İsviçre’nin başkenti Bern’de Uluslararası Kürt Kadın Hareketi temsilciliği Bern Parlamentosu kadın komisyonu ile düzenlediği etkinlikte BDP Eş Genel Başkan Yardımcısı Meral Danış Beştaş, Uluslararası Kürt Kadın Hareketi Temsilcilerinden Melike Yaşar, Kürt kadın siyasetçi Şükran Sincar birer sunum yaptı.
Etkinlik, Bern Parlamentosu Kadın Komisyonu Başkanı Yvoline Feri başkanlığında yürütüldü. Feri açılışta yaptığı konuşmada, bu buluşmanın İsviçreli siyasetçi kadınlar açısından, kadın mücadelesinde yeni bir ivme anlamına geldiğini söyledi.
Etkinlikte ilk sunumu, Uluslararası Kürt Kadın Hareketi Temsilcilerinden Melike Yaşar yaptı.
Kürdistan tarihi özeti ile konuşmasına başlayan Yaşar, Kürdistan’ın İsviçre topraklarında 1923 yılında Lozan Antlaşması sonucu dörde bölündüğünü belirtti. Rojava’da yaşanan gelişmeler ve Suriye’deki Kürtlerin durumuna dikkat çeken Yaşar, son üç yılda, Kürtlerin kendi politik çizgisini net bir şekilde belirlediğini sözlerine ekledi. Kürtlerin Rojava’da üçüncü yolu tercih ettiğini kaydeden Yaşar, “Demokratik özerklik inşası hedefi ile 19 Temmuz 2011’de devrime doğru ilk adım atıldı” dedi.

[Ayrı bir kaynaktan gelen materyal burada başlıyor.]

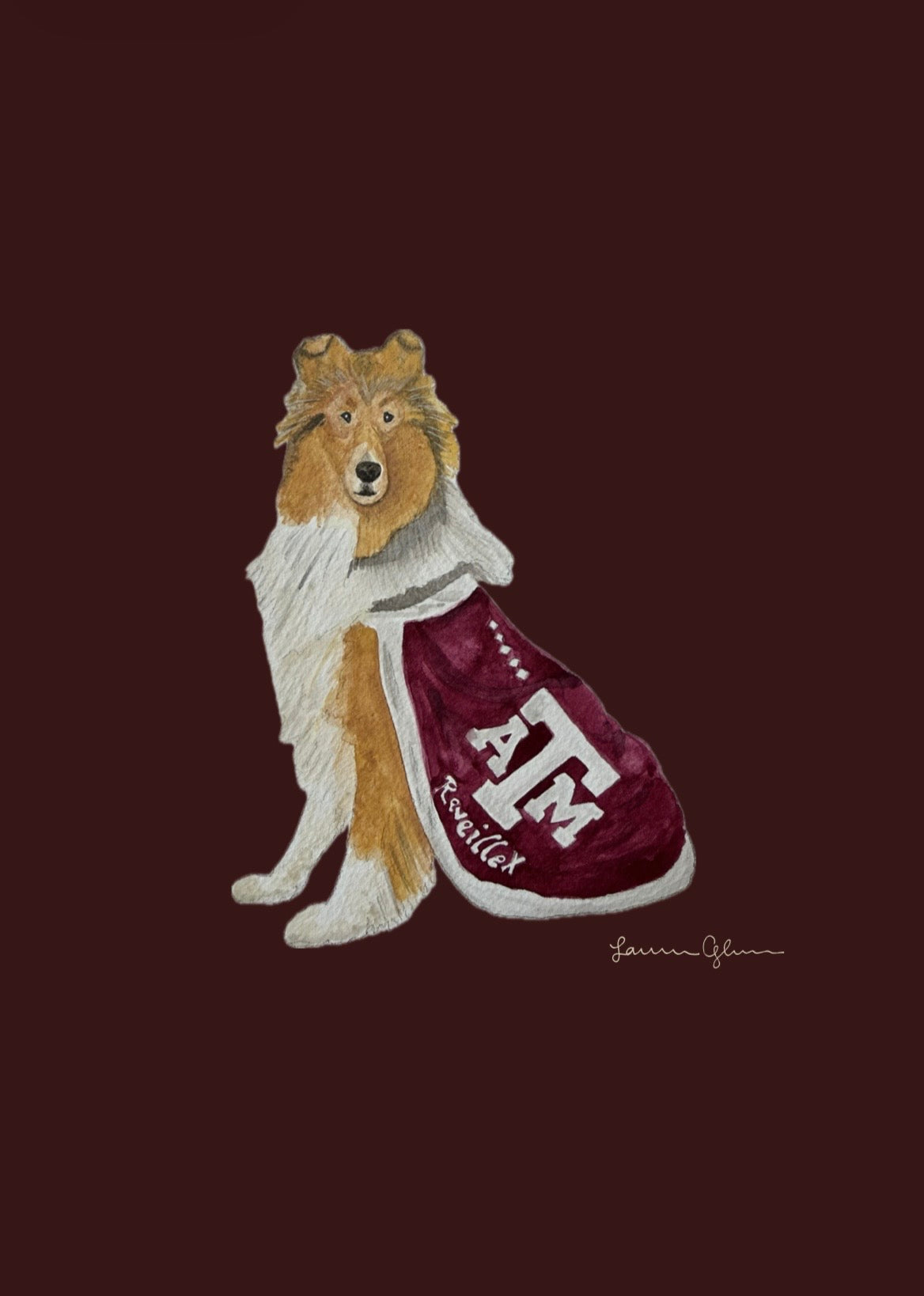 Print of an original painting honoring Lauren’s Alma Mater, Texas A&M University. Printed on linen finish heavy weight paper measuring 5”x7”.

Rojava’da ve Suriye’de kadınların eşit bir şekilde temsil edildiğini, öz yönetim ve örgütlenme esprisi ile kadınların Yekitiya Star çatısı altında meclisler, komisyonlar, akademiler şeklinde örgütlendiğini de ifade etti.
Kürtlerin, Cenevre 2’ye davet edilmemesine cevap olarak, 3’üncü yol dedikleri, demokratik özerklik inşa çalışmaları kapsamında kantonlar şeklinde örgütlenerek ilanettiklerini de belirtti.
BDP Eş Genel Başkan Yardımcısı Meral Danış Beştaş ise, Türkiye’de kadın hareketi ve kadınların durumunu değerlendirdi. Demokratik Kadın Hareketi’nin bileşeni olduklarını vurgulayan Beştaş, “Kadın mücadelesi bizim için tarihi değil stratejik bir meseledir. Kadın ideolojimizi toplumda yaşamsallaşmak istiyoruz” dedi.
“Dünyanın hiçbir ülkesinde hala tam olarak kadın ve erkek eşitliği sağlanmış değil, hala 21.yy da temel çelişkilerden bir tanesidir” diye devam eden Beştaş, Demokratik Özgür Kadın Hareketi (DÖKH) bileşenlerinin STÖ’ler, kadın, gençlik örgütleri, siyasi partiler ve birçok kadının oluşturduğu bir inisiyatif olduğunu söyledi.
Paris katliamı soruşturmasına ilişkin ise Beştaş şunları söyledi: “3 Ocak’ta PKK lideri Sayın Abdullah Öcalanla uzun süreden sonra resmi yetkililer tarafından bulunduğu cezaevinde bir görüşme gerçekleştirildi. Ardından 6 gün sonra Paris Katliamı 9 Ocak 2013’te yapıldı. Bu katliamın yapılmasındaki en büyük hedef örgütlenen ve güçlenen kadınlar olup, müzakere sürecine de bir darbe vurmaktı” dedi.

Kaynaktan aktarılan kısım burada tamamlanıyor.